For god's sake, when we're talking about heterosexual or heterosexually-partnered people, is it that damn hard to SAY THAT?
b — December 5, 2010
Does this average in women with zero income (stay at home wives/mothers), or is this only taking into account women who do have outside income? Because if it's the former, it's hard for it to say anything at all about the wage gap since the entire effect could theoretically be caused by more women entering the work force.

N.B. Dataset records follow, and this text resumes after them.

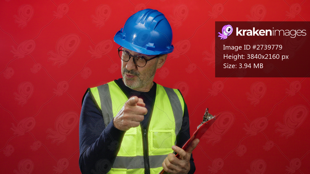 Man with helmet and vest holds clipboard against red background showing determination and confidence in construction industry
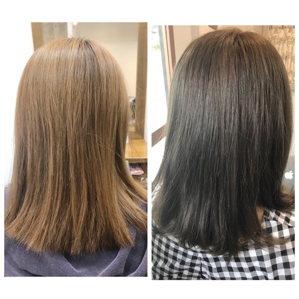 過去のカラーでアッシュ系を続けることで抜けた時に赤みが少ない状態で色抜けしてくれます。
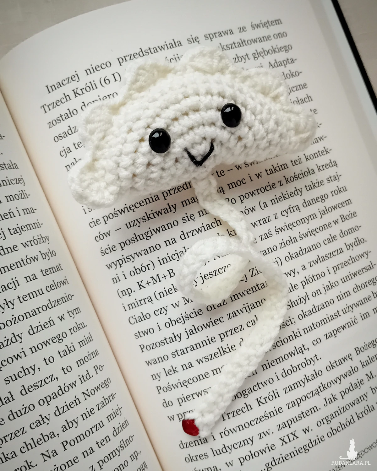 Pierożki wykonałam na szydełku, buźka jest przyszyta, a plastikowe oczka są zabezpieczone w środku przed wypadnięciem. Sznureczek przechodzący przez książkę jest dość elastyczny i rozciąga się od 22 do 28 cm, więc dopasuje się do różnych rozmiarów książek. Sznureczek jest zakończony kolorowym koralikiem.
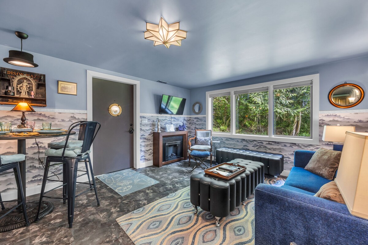 Stunning Ocean View, No Cleaning Fee, Cozy Oceanfront Cottage Apt, overlooking the Pacific Ocean. Private Balcony, chairs and (Electric BBQ summer only). Main room has a King Bed with Kitchenette ,Electric Fireplace, Sofa , Peacock TV and dining table. There is a Bathroom with Shower, Bedroom has a Queen Bed and minifridge/freezer. Kitchenette has salt,pepper,oil, utensils,dishes,cookware,mini oven,Instapot,toaster microwave, Minifridge, two burner stove, drip coffee maker.
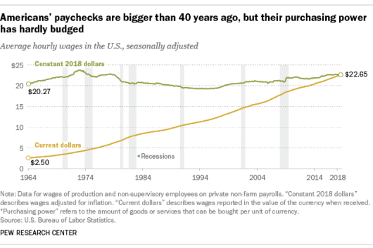 One final analysis, this one from BLS data published by Pew Research and Statista, both of whom look only at wages and not productivity, actually suggests the situation may be even worse than EPI’s data suggests – where EPI shows wages grew by about 25% of their 1948 value from 1972-2018, Pew shows worker pay peaking in 1973, falling from the mid 70s through the mid 90s, and rising slowly from the mid 90s until now with a significant jump during the 2008 recession. According to Statista, 2019 was the first year wages rose above their 1973 value – by about $0.05 cents an hour in 2019 dollars.

observer — December 5, 2010
The Pew Research study earlier this month also showed that marriages that the more equal the marriage is, the longer it lasts.
KJ — December 5, 2010
Well, I can suggest some reasons. Careers that don't require higher education are often very gendered, with men's careers like construction worker and mechanic being paid at a much higher rate than women's no-higher-education required careers, like nursing home aide or school paraprofessional. Of course, some men work in nursing homes and some women in construction- but all in all, they are still careers with a strong slant towards one gender.
Scott — December 5, 2010
"[T]he figure suggests that efforts to close the wage gap between men and women have been much more successful at the top of the economic ladder than the bottom."

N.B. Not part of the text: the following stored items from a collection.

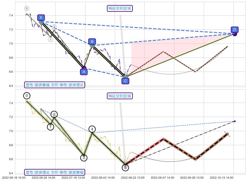 ➣ 未完成【赛福】形态起点X: 06-21:14, 已到达C点: 08-10:13, 预测最终D点: 10-13:13, 共164交易小时
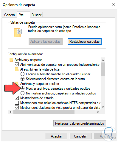 - Activar la casilla “Mostrar archivos, carpetas y unidades ocultos”
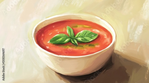 gazpacho, soup, tomatoes, basil, food, cookery, culinary, dish, meal, receipe, delicious, tasty, appetising, summer, refreshing, healthy, vegetarian, vegan, spanish, mediterranean, bowl, red, green, oil, vegetable, sauce, lunch, dinner, eating, taste, favor, comfort, simple, fresh, art, painting, illustration, digital, artistic
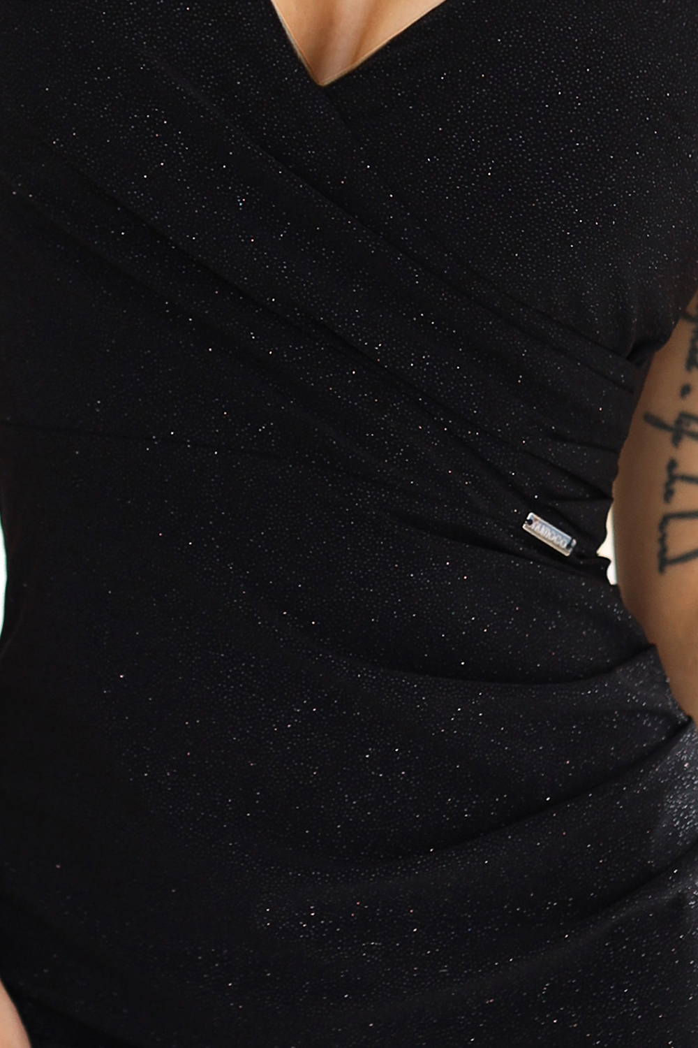 Dazzling in its simplicity, this black pencil dress with delicate glitter shimmer and fitted silhouette is a proposal for women who appreciate classic elegance and striking appearance. The model with wrap neckline on straps subtly emphasizes the figure and will be perfect for evening outings, parties or elegant dinners.
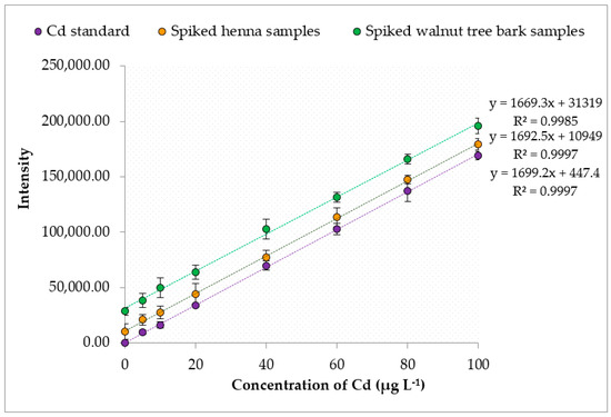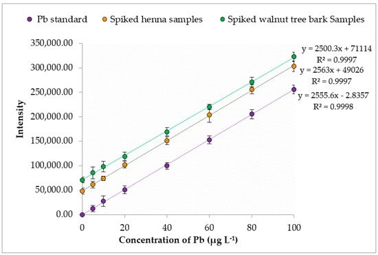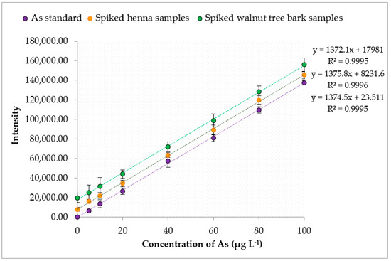 The results were validated through recovery tests. The recoveries of the studied heavy metals were evaluated by adding Pb, Cd and As standard solutions ranging from 5 µg·L−1 to 100 µg·L−1 to the henna and walnut tree bark samples. The samples were digested and then analyzed by ICP-MS at optimum conditions. The absolute recovery value for the entire calibration range of each heavy metal was obtained from the ratio between the slope of the line corresponding to the spiked henna or walnut tree bark samples and the slope of the line for direct standard analysis by ICP-MS, as shown in Figure 1, Figure 2 and Figure 3. The obtained recoveries of Pb, Cd and As in the henna samples were 100.3%, 99.6%, and 100.1%, respectively; and in walnut tree bark samples, 97.8%, 99.8% and 98.2 (Table 4). The high recovery values clearly indicated the absence of analyte loss during the sample preparation step and that sensitivity (intensities) was not influenced by the henna and walnut tree bark samples matrix, which allowed us to use a linear calibration technique without needing a standard addition technique.
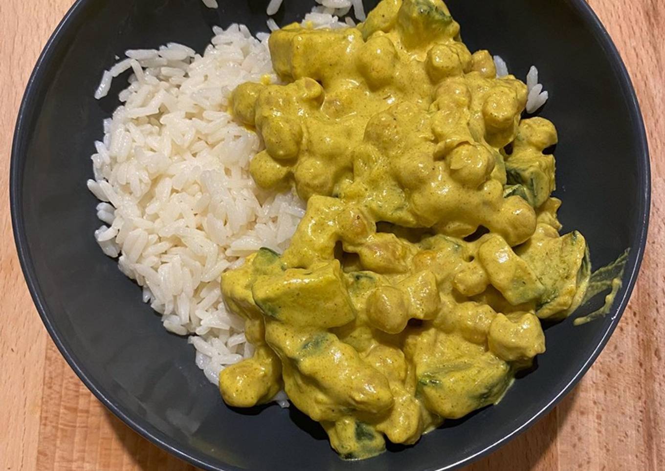 - Ajoutez le lait de coco et le curry. Mélangez bien et laissez cuire à feux doux encore quelques minutes. C’est prêt !

First of all I think it's difficult to compare personal education to the economic status of the entire union, especially since (from the Pew report):
"Men (73%) are more likely than women (63%) to marry more educated spouses in this group [as opposed to in 1970, when spouses generally shared the same education level]"
(http://pewsocialtrends.org/files/2010/10/new-economics-of-marriage.pdf)
So I was confused by this but I did find an interesting tidbit in the report:
(from the table of full-time worker median annual earnings)
Women with less than high school make 98% what they made in 1970.
Men with less than high school make 79% what they made in 1970.
Men made 150% of what Women made at less than high school level in 2007.
Men made 188% of what Women made at less than high school level in 1970.
(Change is -38%)
Women with college degrees make 130% what they made in 1970.
Men with college degrees make 113% what they made in 1970.
Men made 141% of what women made with college degrees in 2007.
Men made 163% of what women made with college degrees in 1970.
(Change is -22%)
So actually, the lower education levels have been closing the gap faster, but there's a bigger gap. However, the pay gap used to be much larger for lower-education women, but the disparity has actually been closing between lower and higher-education gender pay gaps (25% disparity versus today's 9% disparity)
There's a lot of other crazy correlations between the two tables (full-time median annual earnings and median annual household income)- such as the fact that men with no high school diploma are making 79% what they were in 1970, yet their households are making 102% what they were in 1970...
nitpicker — December 5, 2010
I'm curious. Do we know how much of the inequality on the lower end of the scale is based on job type? If we assume the couples are matched evenly by education, isn't it true that men are more likely to take jobs which pay more due to danger or physical exertion than women? Construction, logging, the military and other job types which offer pretty good pay with only a high school education are still dominated by men, while teaching, secretarial work and receptionists have remained dominated by women.